Until the 1960s the main street of most towns or suburbs had a cluster of shops, including a butcher, a baker, a greengrocer and other food retailers. By the 2000s the convenience of supermarkets had caused the demise of many small food shops. However, some specialist stores survived by serving a niche market.


Grocers

19th-century food stores

By the late 1840s many towns had grocers, butchers, bakers and greengrocers. Smaller towns would have a general store selling foodstuffs and just about everything else. In city suburbs food stores were often clustered in a shopping strip lining a main road, and typically included a grocer, butcher, baker, greengrocer and dairy.

Grocers in the early 1900s

By the early 1900s large grocers dominated in the cities. In Auckland H. M. Smeaton’s shop employed around 65 assistants. City groceries were downtown and featured mirrors, ornate fixtures, large bins and drawers. Some even operated their own bacon factories. There were separate biscuit and confectionery sections. Shop windows featured massive displays of goods. A weekly order system was offered, with free delivery and readily available credit.

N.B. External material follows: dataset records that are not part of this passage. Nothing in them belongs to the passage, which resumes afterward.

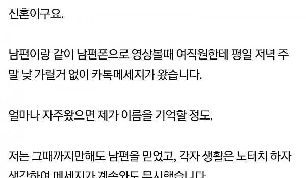 남편분들 주말에도 이성직원과 카톡하시나요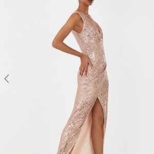Sparkling evening gown crafted from allover sequins. Topped with a plunging V-neck. Constructed in a faux tulip wrap-style with a high-low hem that creates a natural slit.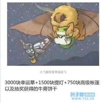 很多网友表示:使用3000块幸运草+1500快的提灯+750块的高级帐篷以及在抽奖中得到的牛蒡饼干。就能获得在游戏中的稀有SSR明信片——大飞蛾带着青蛙起飞的照片。在游戏中的明信片中我们可以看到肥胖的“大飞蛾”张开了自己的翅膀带着青蛙宝宝在天上欣赏风景,而青蛙宝宝显然是吓“坏”了,旁边还有蝴蝶妹妹在提着灯。

In suburbs and peripheral areas of the cities, general stores and smaller grocers were standard.

Shoplifter

 

New Plymouth grocer Ray Revell recalled an interesting customer in the 1950s:

‘We had an old lady across the road in the city council flats, she would come in and we used to watch her pick up a tin of St George marmalade and put it in her pocket, she had one of those big pocketed coats. When confronted with the problem the old lady denied that she had a tin of marmalade in her coat; we told her … we saw her take the marmalade. Her reply was today she pinched two cakes of soap not marmalade! We never saw her take the soap.’1

 

Grocers’ dress

The working attire of grocers and shop assistants was formal. They always wore a shirt and tie, with a white coat and a white apron. Starched collars were attached to shirts by studs so they could be removed for washing.

Inside the grocery shop

A set of scales sat on the counter for produce sold by weight. Many bulk products such as flour and sugar were not branded, and the quantity wanted was scooped out of bins by the grocer. Similarly, cheese was cut from large blocks.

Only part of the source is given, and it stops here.